What you return must be the exact lines of the material below, from the first through the one that has "Sans Soucis Cleansing", with no pictures and, please, nothing else.

[ENTRIES PROVIDED]:
========================================

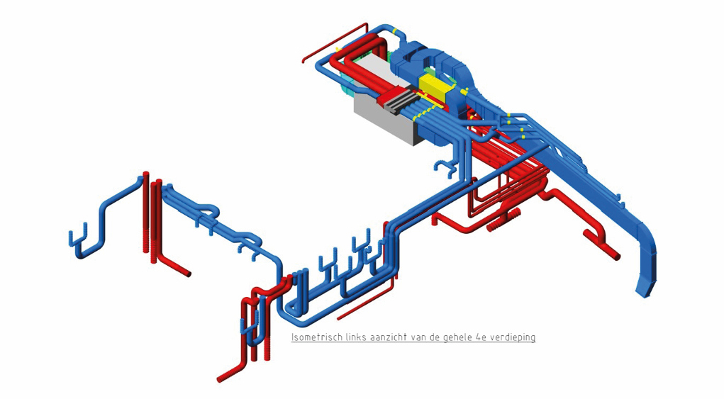 Uitdaging bij dit project was het kunnen onderbrengen van de installaties achter de inrichting (voorzetwanden, meubel-maatwerk, systeemplafonds), zonder dat dit ten koste zou gaan van het functioneren van deze installaties.
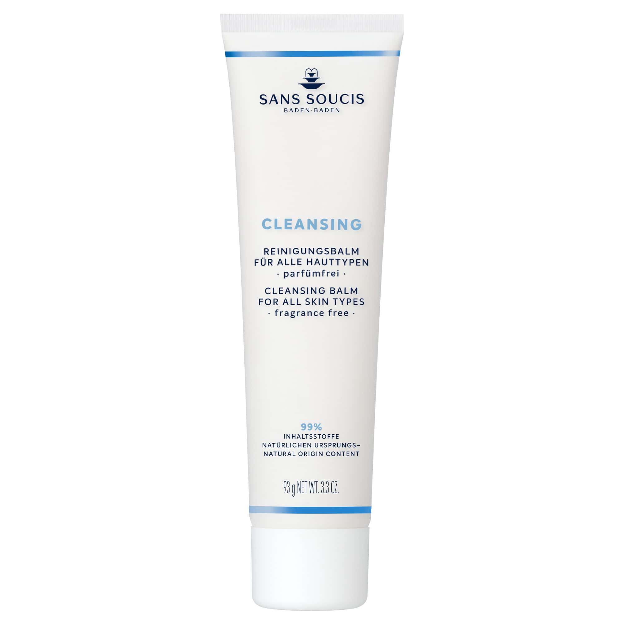 Sans Soucis Cleansing Balm är ett rikligt, smältande balm som skonsamt och effektivt avlägsnar makeup, smuts och föroreningar utan att torka ut huden. Formulan är berikad med mineralrikt termalvatten från Baden-Baden och närande oljor som lämnar huden mjuk, smidig och väl återfuktad. Passar alla hudtyper, särskilt torr och känslig hud.
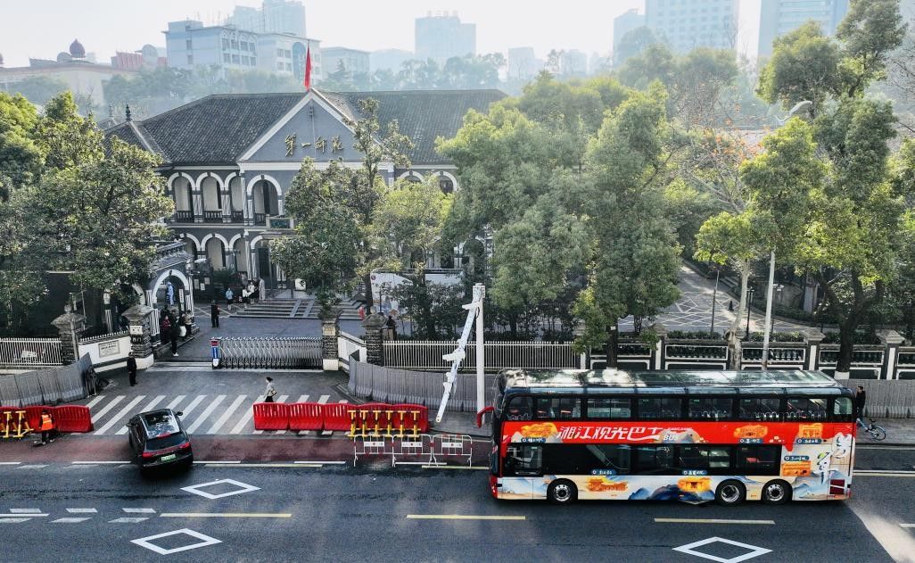 师生代表乘坐“芳草巴士”体验“伟人成长成才”精品研学线路(路线:湖南第一师范旧址→橘子洲头青年毛泽东雕塑广场→新民学会旧址→岳麓书院→湖南第一师范旧址)
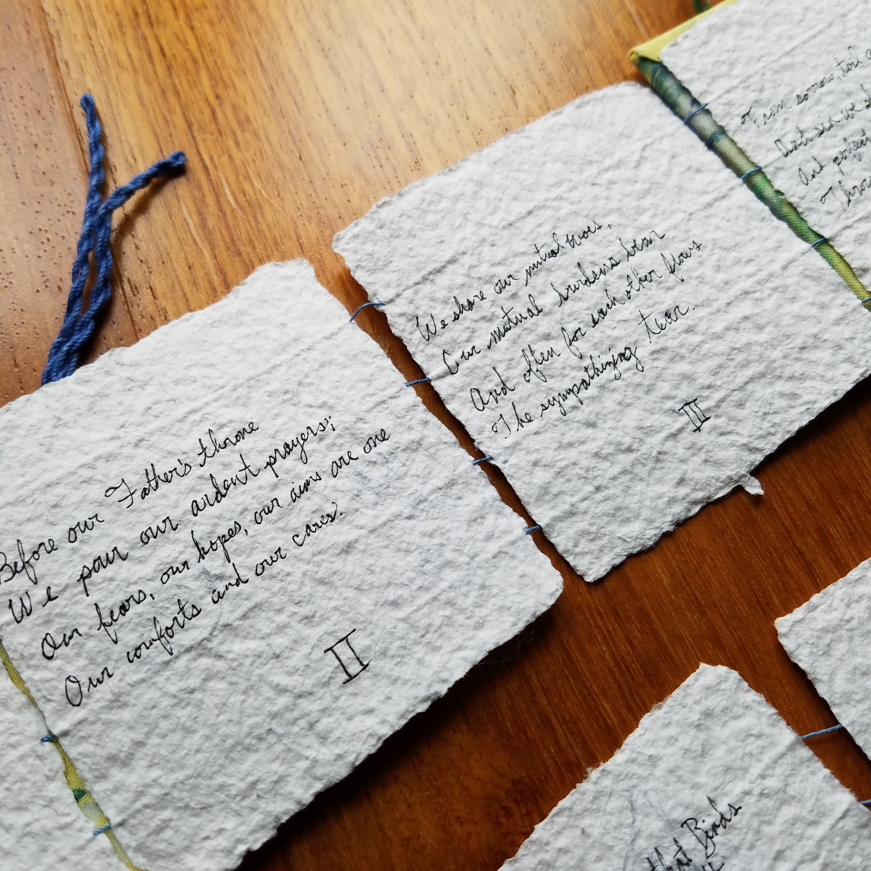 This art book is an edition of two, made for my mother and I. The text is from the hymn “Blest be the ties that bind,” a favorite of mine in childhood.
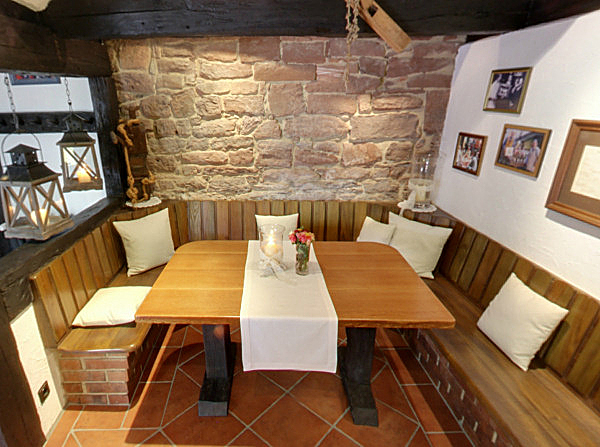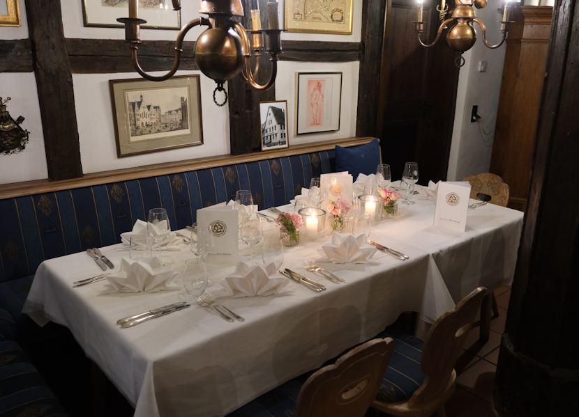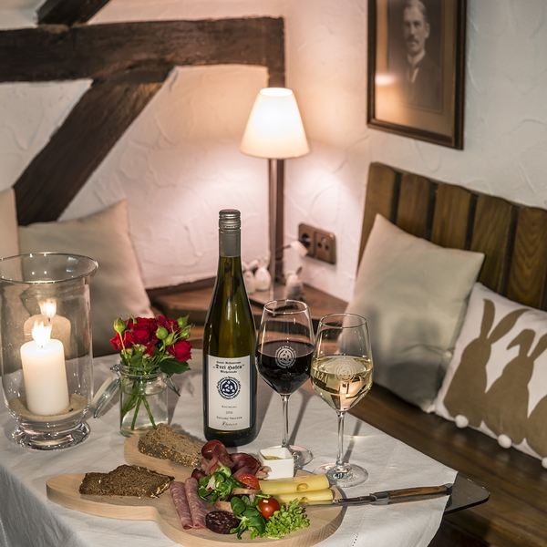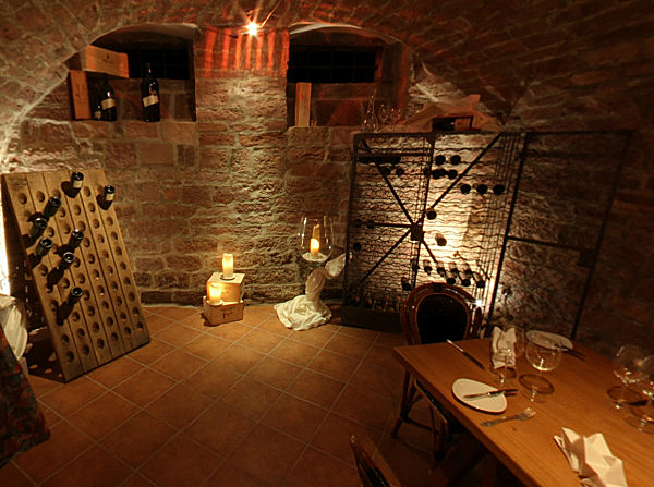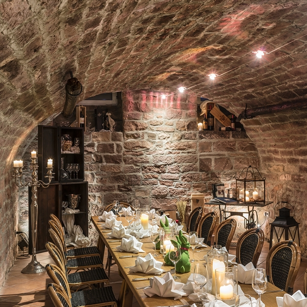 Unser gemütlicher Gewölbekeller mit 50 Plätzen eignet sich für Feierlichkeiten und Ausstellungen.
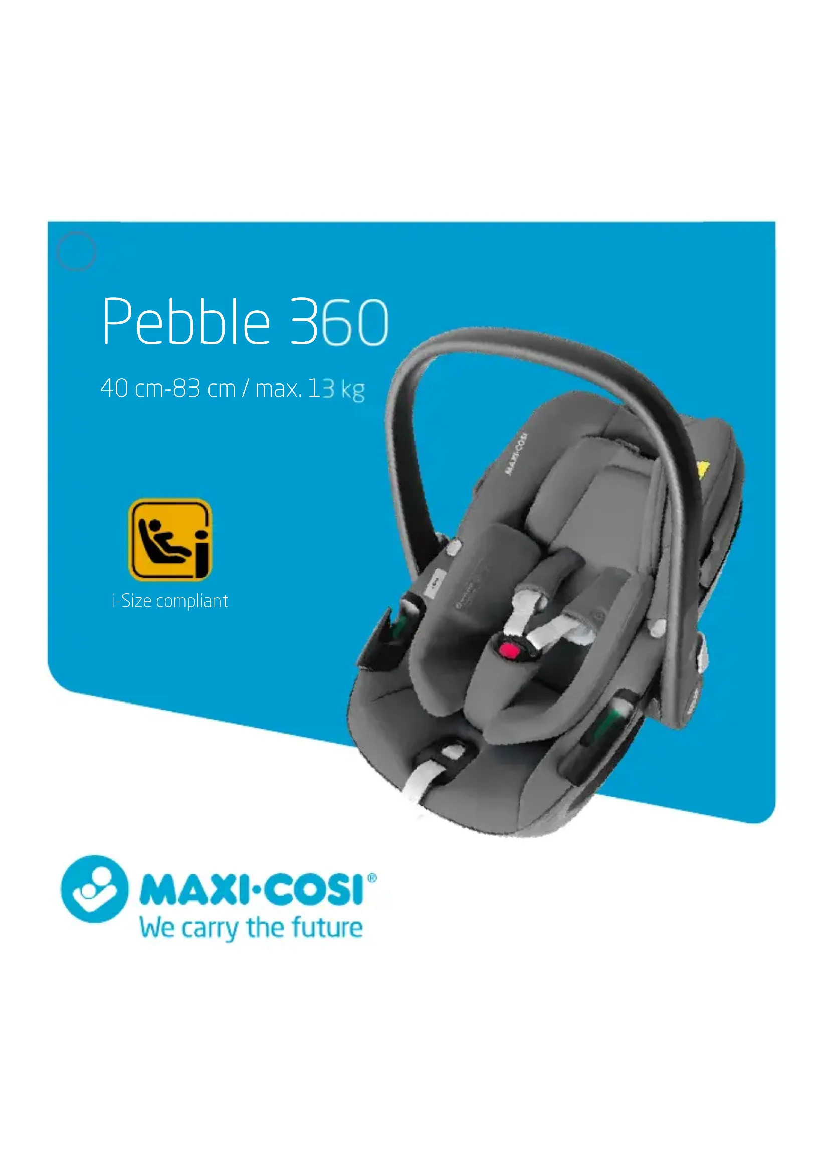 Le Pebble 360 est un dispositif de retenue « universel » ceinturé. Il est homologué suivant le règlement R129 ( i-Size) des Nations Unies pour une utilisation sur les places assises « universelles » d’un véhicule, conformément aux indications fournies par le constructeur automobile dans le manuel d’utilisation du véhicule. En cas de doute, contactez le fabricant ou le revendeur du dispositif de retenue pour enfants. Ce siège auto pour bébé fait partie de la gamme Family 360° qui ore une solution de mobilité complète de la naissance à environ 4 ans. Pour en savoir plus sur i-Size, rendez-vous sur le site www.maxi-cosi.com. Catégorie du siège auto : i-Size (40 cm-83 cm – jusqu’à environ 15 mois) Position du siège auto : dos à la route
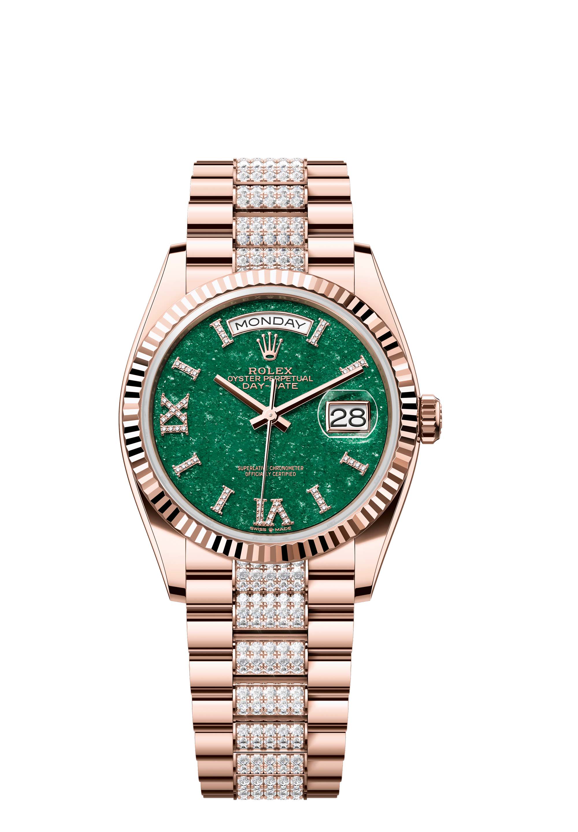 The Oyster Perpetual Day-Date 36 in 18 ct Everose gold with a green aventurine, diamond-set dial, fluted bezel and a diamond-set President bracelet.

========================================

[RESULT FOR THIS TASK]:
 Uitdaging bij dit project was het kunnen onderbrengen van de installaties achter de inrichting (voorzetwanden, meubel-maatwerk, systeemplafonds), zonder dat dit ten koste zou gaan van het functioneren van deze installaties.
 Sans Soucis Cleansing Balm är ett rikligt, smältande balm som skonsamt och effektivt avlägsnar makeup, smuts och föroreningar utan att torka ut huden. Formulan är berikad med mineralrikt termalvatten från Baden-Baden och närande oljor som lämnar huden mjuk, smidig och väl återfuktad. Passar alla hudtyper, särskilt torr och känslig hud.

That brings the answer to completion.